双葉・避難指示解除/地域再生への道のりは遠い

 政府の原子力災害対策本部は、東京電力福島第1原発事故で福島県双葉町に設定した帰還困難区域のうち、一部の避難指示を3月4日午前0時に先行解除する。今なお全町避難が続く双葉町にとって初めての解除。県内に残る原則立ち入り禁止の帰還困難区域としても、初の解除となる。
 ただ、今回避難解除されるのは町の北東部に位置する避難指示解除準備区域と、同14日に9年ぶりの全線復旧が予定されるJR常磐線の双葉駅周辺に限られる。
 住民の帰還準備や交流促進を図る意味合いが強く、解除したら直ちに生活再建が進むわけではない。町は住民の居住再開を2022年春ごろとみており、地域再生の道のりは遠い。
 原発事故後、国は県内11市町村に避難指示を出した。このうち今年4月の大熊町大川原、中屋敷両地区を含め10市町村で全域または一部の避難が解除され、同町とともに第1原発が立地する双葉町が全域避難の最後の自治体となっている。

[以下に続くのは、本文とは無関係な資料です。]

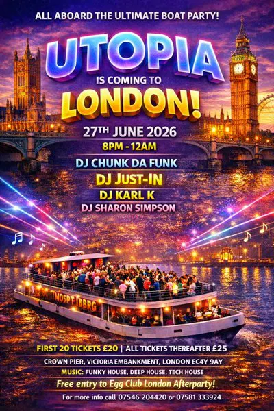 MUSIC: FUNKY HOUSE, DEEP HOUSE, TECH HOUSE Free entry to Egg Club London Afterparty!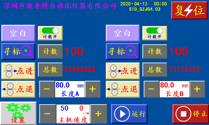 三、主页 长度设定:显示制袋所设定长度,单位:毫米(也可以当按键直接调节长度) 主机速度:控制主机加减速快慢。 计数开/计数关:控制每次送料是否需要计数。 计数/清零:单批次累计到一批个数结束时,个数自动归零;按“计数/清零”键清零清个数。 批数/清零:一批结束后,批数加“1”, 总数/清零:个数每加一个,总数加“1”;按“总数/清零”键清零总数。 空白/深色/浅色:三种状态切换。 空白:指光电忽略色标光电传感器信号; 深色:指跟踪印刷制品时,以深颜色的色标点为跟踪点; 浅色:指跟踪印刷制品时,以浅颜色的色标点为跟踪点。 寻标:当‘寻标’键选择“深色/浅色”时按此键,伺服(步进)电机一直转到深色的色标点自动停转时,设置为“追深”;伺服(步进)电机一直转到浅色的色标点自动停转时,设置为“追浅。 当‘寻标’键选择“空白”时,按此键无效 点进:在停止状态下,手动伺服(步进)电机正转。 点退:在停止状态下,手动伺服(步进)电机反转,在运行状态下此键变为“补数”,按此键计数减1。 复位:系统不能正常工作时,按此键程序重新启动,也可以做紧急停机用。 运行:按此键,主机正常运行。(长按3秒左右) 停止:按此键,霍尔开关GK1检测到高位停机信号;主机自动停机。 状态显示:运行/停止/切刀降速/暂停/脱标/完料,六种状态切换显示。 运行:按启动键后显示“运行”。 停止:通电后一直显示“停止”。 切刀降速:主机速度过快步进(伺服)电机送料还没有结束时,主机停机显示“切刀降速”。 暂停:当机型选择“暂停”时一批结束停机N秒后主机自动开机。 脱标:在制作印刷制品时没有跟踪到色标点显示“脱标”。 完料:当主机运行,X15检测到断料信号时,蜂鸣器报警,主机停机,显示故障“完料”。主机停止状态下X15检测到完料信号时,蜂鸣器报警,显示故障“完料”。(按“停止”清除故障)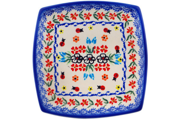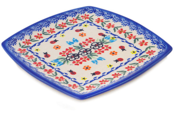 This Polish Pottery Square Plate is handmade and handpainted by the Ceramika Bona factory in Boleslawiec, Poland. Manufacturer item number H3895Q. It is ½" high and measures 7¼" by 7¼". The weight of this Square Plate is 1.0 lbs. It is part of the Fanciful Ladybug Collection.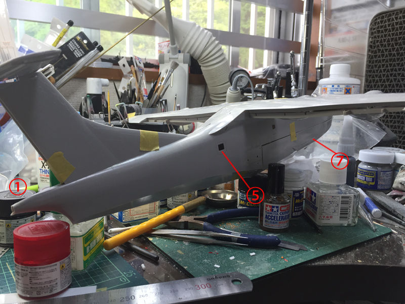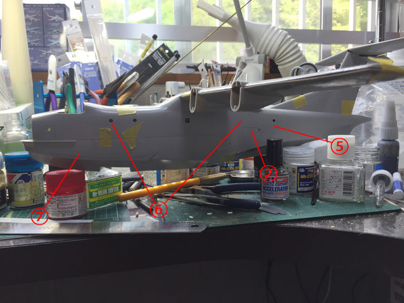 まずは艇体から写真の通り、主翼前桁と繋がるSTA11466.6が境界になっています。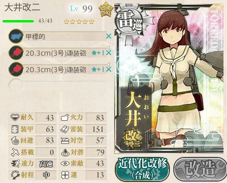 現状3隻いますが、特徴としては運の高めな北上、運が普通な大井、夜戦火力が重巡とそんなに変わらない木曾です。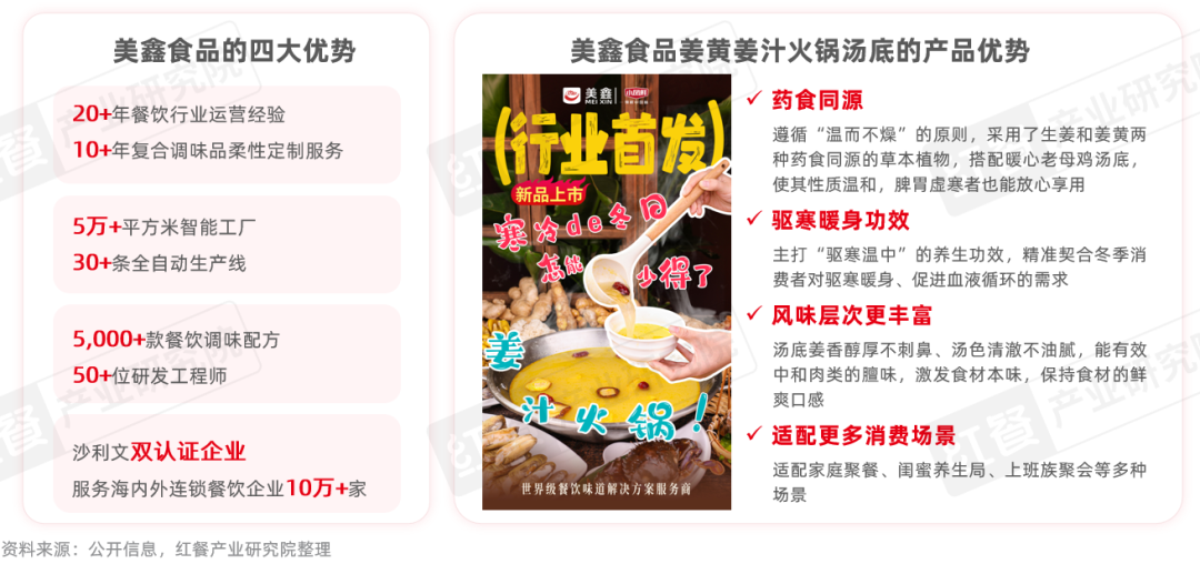洞察到以上痛點(diǎn),一些專業(yè)的供應(yīng)鏈企業(yè)對(duì)姜汁湯底進(jìn)行了研發(fā)。以美鑫食品為例,其洞察到了火鍋市場(chǎng)的這一趨勢(shì),并率先展開了姜汁火鍋湯底的標(biāo)準(zhǔn)化研發(fā),于2025年11月推出了姜黃姜汁火鍋湯底。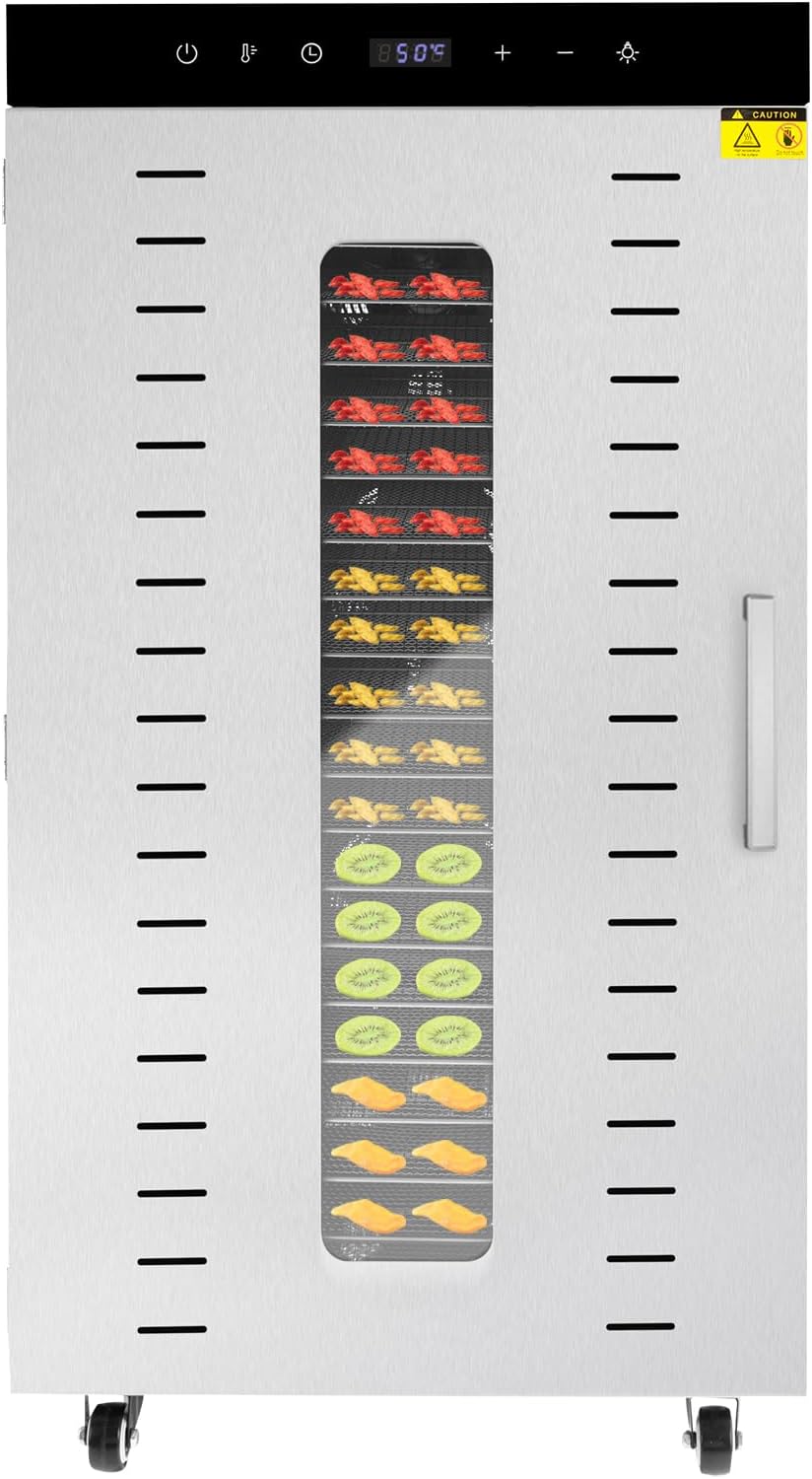 ApplicationIt is suitable for roasting all kinds of dried fruits, dried tea, grains, bacon, dried fish, herbs, etc., and is better for those who like baking or business use. Recommended Drying Temperatures for Different TypesLow temperature drying: 30 ~ 40 ° C, suitable for drying flower tea, noodles cool.Medium temperature drying: 55 ~ 60C, suitable for drying fruits and vegetables.Medium and high temperature drying: 65~70°C, suitable for drying meat and seafood.High-temperature drying: 80~90°C, suitable for making melting beans.SpecificationMaterial: Stainless Steel, Aluminum Alloy, Metal, GlassColor: SilverPower: 600WVoltage: 110VShape: RectangularNumber of Grids: 18Operating Frequency: 50-60 HzTemperature Range: 30-90°C/86℉ -194℉Time Range: 1-12 HoursIs Dishwasher Safe: YesPlug: US StandardNoise Decibels: 25-35dBLoad Capacity: Max. 6kg/13.23lbsGrid Size: 20*28.5cm/7.87*11.22inPlate Spacing: 2.5cm/1inGross Weight: 10.6kg/23.4lbsProduct Size: 30*31*47.5cm/11.8*12.2*18.7inPackage Size: 58*38*38cm/22.8*15*15inPackage Included1* Fruit Dryer18* Grids1* English InstructionAll Accessories for AssemblyNotes1. Please note that frequent opening of the door will lead to heat loss and longer drying time.2. Please read the operating manual completely before use. And pay particular attention to the safety instructions included.3. Please allow the slight color difference caused by the shooting light and 1-3cm error due to manual measurement, and make sure you do not mind before ordering.

 国は避難を解除するための基準として(1)積算線量が年間20ミリシーベルト以下が確実(2)インフラや生活関連サービスの復旧と除染の進展(3)県や市町村、住民との十分な協議−の3条件を設定している。
 双葉町と同様、原発事故後の常磐線不通区間(約20.8キロ)に大野駅がある大熊町は同5日午前0時、夜ノ森駅がある富岡町は同10日午前6時にそれぞれ駅周辺などの避難が解除される。今回の対象地域はいずれも線量が基準を大幅に下回り、国は条件を全て満たしたと判断した。
 未曽有の炉心溶融(メルトダウン)を起こした福島第1原発事故から9年。古里を離れた住民の帰還に向けた足取りは重い。
 復興庁は昨年9〜10月、双葉町民の全3057世帯を対象に県、町と共同で住民意向調査を実施した。町に「戻りたい」との回答は10.5%にとどまり、2018年の前回調査に比べさらに0.8ポイント減少した。
 これに対し「戻らないと決めた」は63.8%で、前回より2.3ポイント増えた。「戻りたい」は年代別で30代が6.2%と低迷し、地域再生に立ちはだかる厳しい現実がうかがえる。
 一方「判断がつかない」は1.2ポイント減ったものの24.4%を占め、帰還するかどうか迷っている住民が一定数いることが分かる。
 田中和徳復興相は1月17日の閣議後記者会見で、住民帰還を促進するだけでは双葉町の再生は困難との認識を示した上で「復興を支える新たな活力を呼び込まなければならない」と述べた。
 原発事故によって図らずも分断を余儀なくされた古里の再生に向け、国は移住・定住の促進や交流人口の拡大といった施策を積極的に講じるべきだ。